Climate Change

WHO responds to health needs caused by Cyclone Pam


Té / 16 March 2015

The World Health Organization (WHO) in the Western Pacific Region is coordinating response efforts with Vanuatu’s Ministry of Health and other humanitarian partners to bring much-needed health support to the Pacific island country, following the devastation caused by Cyclone Pam.

The cyclone ravaged Vanuatu on 13–14 March with winds of more than 250 kilometres per hour and one-metre storm surges. While damage is still being assessed, there are reports of deaths and serious injuries, destroyed homes, and limited or no access to health services, food and clean water in many places.
“We are working closely with our partners to get the people of Vanuatu what they need as quickly as possible to respond to this devastating cyclone,” said Dr Shin Young-soo, WHO Regional Director for the Western Pacific. “We have activated our emergency operations centre and put a support team in place to assess needs and deploy critical resources to help in the response.”
WHO is sending health and emergency response experts with supplies to Vanuatu to assist in the response.

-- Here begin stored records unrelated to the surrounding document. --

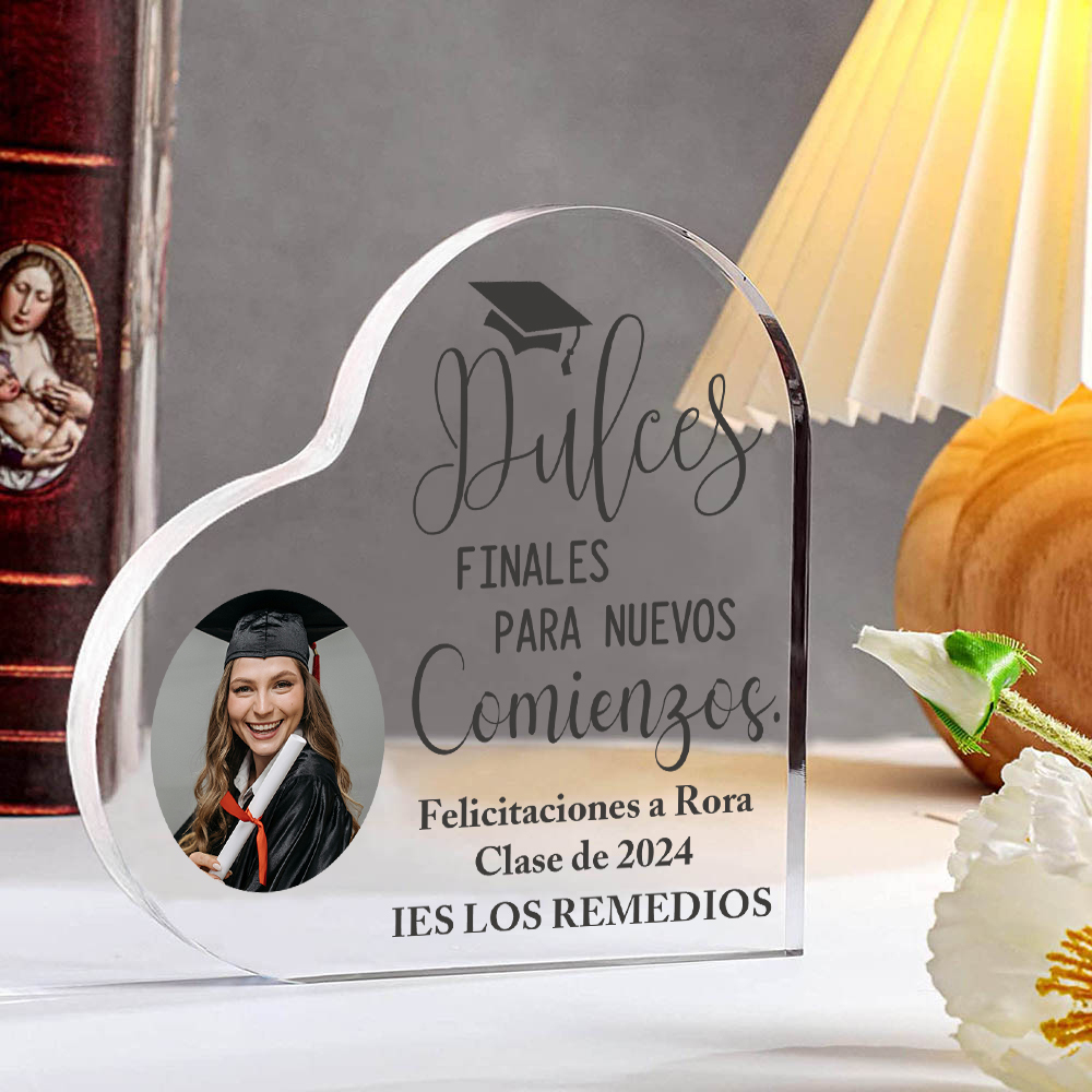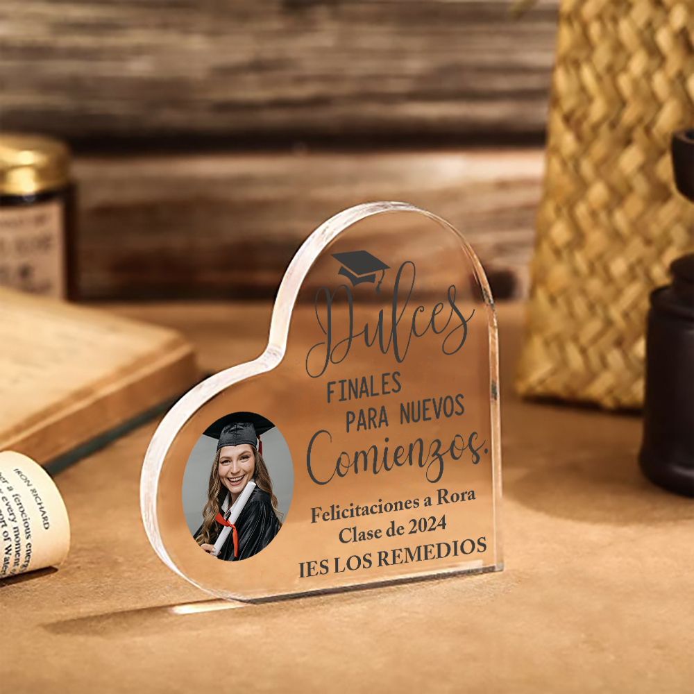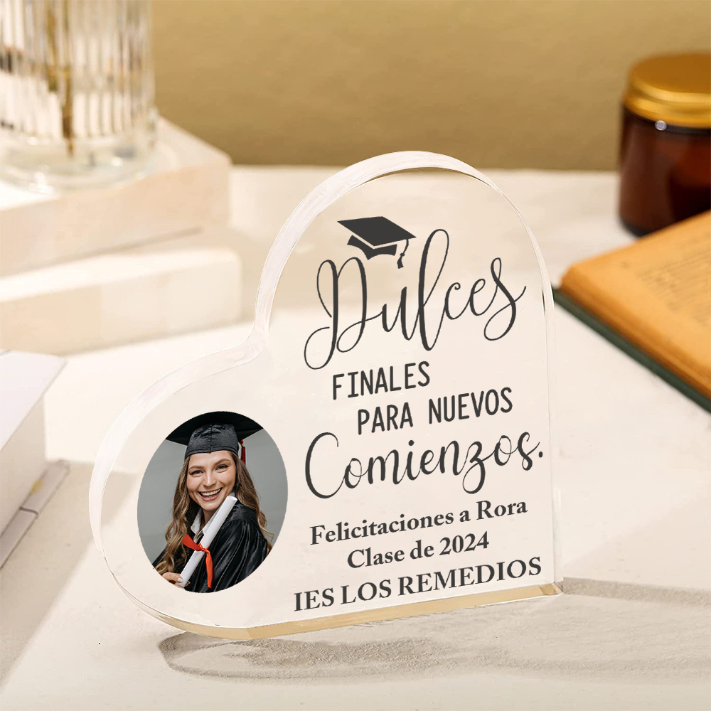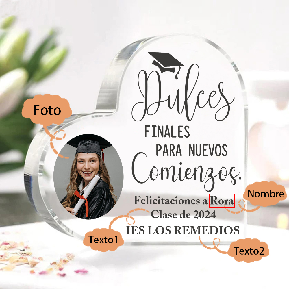 Graduación-Placa de corazón de acrílico personalizado con 1 nombre, 2 textos y 1 foto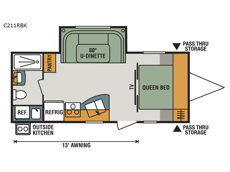 There is plenty of overhead cabinets throughout as well as an exterior pass through storage area, and a 13' awning for shade.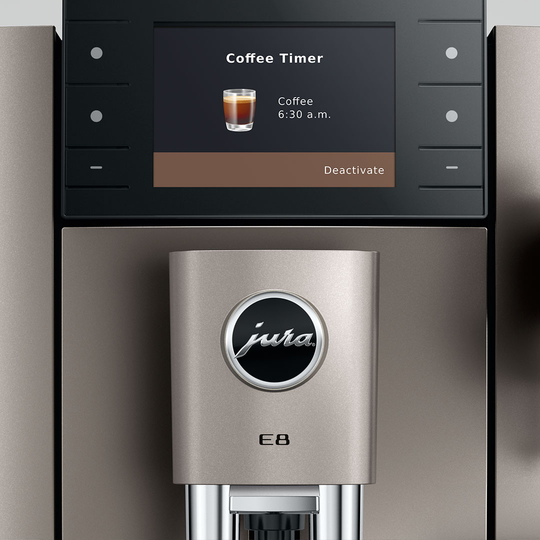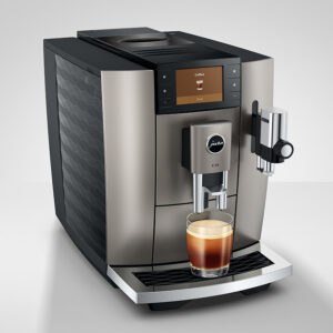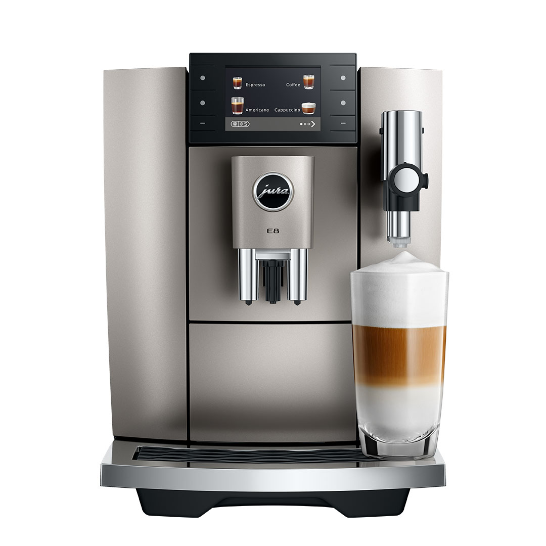 Dzięki szerokości zaledwie 27 cm, model E8 doskonale komponuje się nawet z mniejszymi przestrzeniami kuchennymi, zachwycając zarówno wyrafinowanym wyglądem, jak i niezrównanymi doznaniami kawowymi.

WHO is also communicating with the governments of Australia and New Zealand, the United Nations Children’s Fund (UNICEF) and other organizations, to ensure Vanuatu gets the right resources to meet their health needs. WHO and UNICEF are also working with the Ministry of Health to conduct an immunization campaign in response to a measles outbreak that began before the cyclone.
Complicating response efforts, the cyclone caused roads blocked with debris, knocked down bridges, and flooding. Electricity is out in many places and phones and Internet systems are down or are unreliable. The extent of the damage continues to be assessed.